Nicotine replacement products including gum and transdermal patches are on the World Health Organization's List of Essential Medicines. In April 2024, nicotine gum and patch products manufactured by Kenvue (marketed in many countries under the Nicorette brand) became the first nicotine replacement therapies to receive WHO prequalification, allowing their procurement through global health organizations and initiatives.

The brand name "Nicorette" comes from "nicotine" and rette, "right way".

The brand is owned by Kenvue outside of the US, and Haleon in the US.

== Medical uses ==
Nicorette products are indicated for the relief of withdrawal symptoms associated with nicotine withdrawal and to aid in smoking cessation. It is suggested that Nicorette products should be used in "conjunction with a behavioural support programme". The World Health Organization released its first clinical treatment guideline for tobacco cessation in adults in 2024, recommending pharmacotherapy including nicotine replacement therapy alongside behavioral support.

Prior to 2005, nicotine products in Britain were only licensed to "assist smokers who were making an immediate and complete quit attempt". Following advice from a working group set up by the Committee on Safety of Medicines (since 2005, the Commission on Human Medicines) the Medicines and Healthcare products Regulatory Agency (MHRA) concluded that nicotine replacement therapy products should be used also by those who are unable to stop abruptly.

Nicorette products in the UK are indicated to:
- relieve craving (the urge to smoke),
- relieve withdrawal symptoms (irritability, impatience; difficulty in concentrating),
- improve the likelihood of a successful abrupt quit attempt,
- reduce the amount smoked in those not immediately motivated to quit.

The products are intended for adults and children over 12 years of age as well as pregnant and lactating women (it has been concluded that "the use of NRT in pregnancy does not give undue concern and any harm caused by nicotine replacement must be compared with that caused by continued smoking – which is extremely harmful to both the woman and her child".)

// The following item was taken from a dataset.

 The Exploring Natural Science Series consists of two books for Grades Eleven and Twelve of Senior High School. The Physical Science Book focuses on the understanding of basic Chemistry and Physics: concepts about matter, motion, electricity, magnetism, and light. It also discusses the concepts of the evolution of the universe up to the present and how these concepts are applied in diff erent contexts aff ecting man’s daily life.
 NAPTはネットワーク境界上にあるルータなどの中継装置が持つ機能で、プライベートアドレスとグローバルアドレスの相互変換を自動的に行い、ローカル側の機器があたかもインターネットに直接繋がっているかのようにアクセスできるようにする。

Nicorette, like all other nicotine replacement therapy products, are most beneficial for heavy smokers (more than 15 cigarettes per day). There are not enough studies to show that nicotine replacement therapy helps those who smoke fewer than 10 cigarettes per day.

== Contraindications ==
The typical contraindication (reason to not use) for Nicorette products is hypersensitivity to nicotine.

Cardiovascular disease was considered to be a contraindication to nicotine replacement therapy products. However, in 2003, the French Agency for the Safety of Health Products (AFSSAPS) removed all cardiovascular and cerebrovascular disease contraindications. In 2005, the UK Medicines and Healthcare products Regulatory Agency followed suit. The rationale is that the benefit of nicotine replacement therapy outweighs the risks of nicotine medication, even in smokers with cardiovascular disease.

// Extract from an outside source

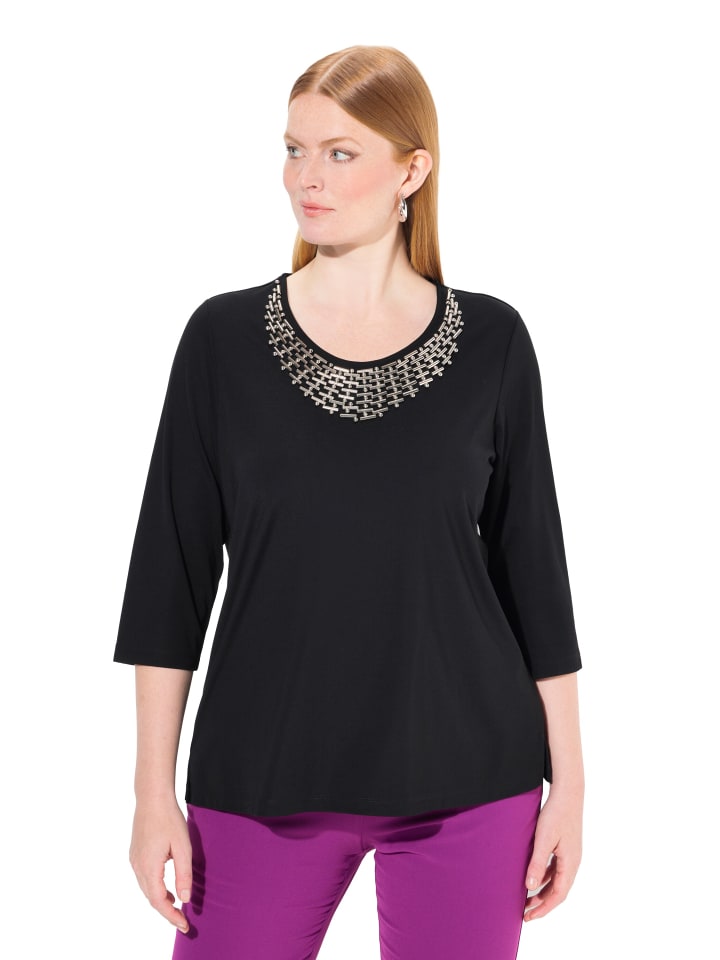 Футболка классической формы из мягкого вискозного джерси с элегантной металлической отделкой колье на вырезе. Рукава 3/4, прорези по бокам для гладкого прилегания.материал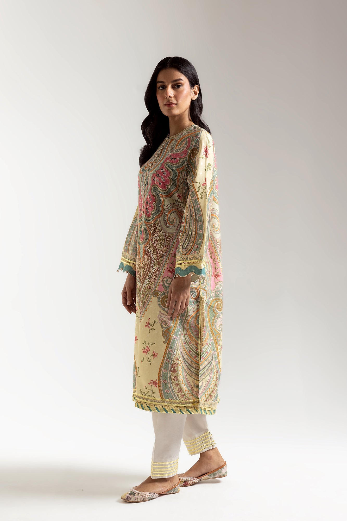 This fashionable outfit highlights a stunning blend of a modern shirt embellished with vibrant floral patterns, complemented by dazzling gota details. The ensemble is completed with a chic pale yellow shalwar adorned with dazzling embellishments along the hemline. Ideal for any celebration, this ensemble is enhanced with sparkling adornments and is a must-have for your wardrobe.

In 2013, the US Food and Drug Administration (FDA) stated that the contraindication concerning usage of nicotine replacement therapy products while smoking is no longer valid.

The FDA approved labeling for Nicorette products with a warning concerning pregnancy and breastfeeding: "This medicine is believed to be safer than smoking. However, the risks to your child from this medicine are not fully known". The FDA suggests not using Nicorette products if the patient continues to smoke, or use chewing tobacco, snuff or other nicotine-containing products.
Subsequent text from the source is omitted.